Just after my last post on the role of a University I read this piece in today's British Medical Journal about an appalling episode at the University of Queensland that goes right to the heart of what a University is. The University of Queensland has broken its contract with the scientific community. This is an absolute disgrace.

I am reminded of the letters to me stating that I needed University "authorisation" to discuss issues of scientific procedure. I recall the warning of "public dissociation" and that "public interest disclosure legislation" somehow applied to discussion of scientific methodology involving Procter and Gamble.

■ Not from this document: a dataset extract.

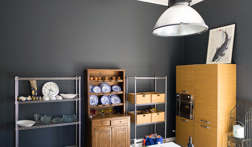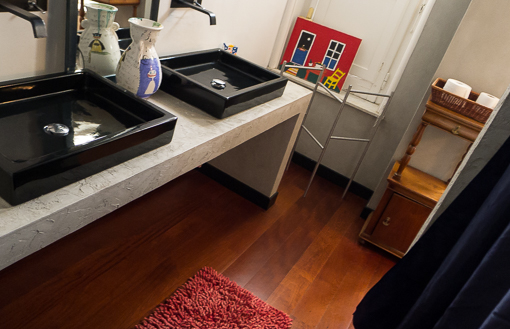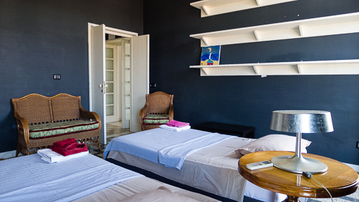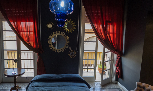 The rather dramatic crimson red and inky blue master bedroom completes the Dario Argento-like set up.

From the University secretary and registrar at Queensland (Douglas Porter) this most absurd of comments:

Douglas Porter, wrote to Dr Gunn, asking him to provide a written apology to CSL stating that the "comments were made by you in your personal capacity and were not endorsed or authorised by the university." - "The University of Queensland’s vice chancellor declined to comment and referred the BMJ to Mr Porter, who said that Dr Gunn "had no authority to speak on behalf of the university" and should not have mentioned his university position. "It’s an absolute storm in a teacup."

What are you Mr Porter - The University of Kentucky Fried Chicken, or a real University? Shame, shame and more shame.

BMJ 2008;336:741 (5 April) [Link]
Academic freedom is at risk in dispute over Gardasil, lecturers say
Melissa Sweet, Sydney


Senior academics are outraged that the University of Queensland has asked an academic to apologise to a drug company for his public comments on a vaccine against human papillomavirus that was developed jointly by the university and the company.

Academics at the university and elsewhere say that the request is a threat to academic freedom and warn that it raises worrying concerns about universities’ independence and ability to negotiate conflicts of interest.

The request came after the company, CSL, wrote to the university’s vice chancellor complaining about comments on the radio made by Andrew Gunn, a senior lecturer in general practice.

The programme dealt with the general issue of pharmaceutical marketing and briefly mentioned Gardasil, whose development has reaped millions of dollars for the university as well as public and political kudos.

CSL’s director of public affairs, Rachel David, wrote: "I feel Dr Gunn’s comments are inappropriate and inconsistent with the long-standing relationship CSL has with the University of Queensland and given the involvement of the university in the development of Gardasil."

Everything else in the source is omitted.